If you really want to cycle through such values, then two techniques may work:
1)use $form->record->_properties["hours_$i"]->
to call get_value and set_value methods.
2) Use the following construct
$name = "hours_$i";
$array = & $form->record->$name;
and then access the values using $array[].
Both look clumsy, but the situation is very rare.
I got it to work using the following syntax:
$form->record->{"hours_$i"}[$j]=...
As it seems to be the right place, I want to change the Display Value of a submit button.
But first I should check for is_record_existing so it's not possible at declaration time.

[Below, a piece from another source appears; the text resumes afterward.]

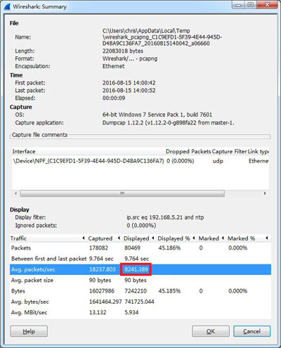 點擊菜單“Statistics/Summary”,得到每秒NTP響應數量

So what exactly is the appropriate method or variable that will change the Submit buttons display value?
If I understand you correctly, you want the label on the button to show different text, depending on whether the record is an existing one or a new one.
The way buttons are implemented is such that you cannot do it - the form processor looks for matching button name and button label pairs among submitted values. You can change the label before displaying the form, but the part that restores the form from the submitted values won't know about the change, unfortunately.
What I do instead, is define two buttons, and then hide the one that I don't need in the pre-display trigger (assuming that you are using standard layouts).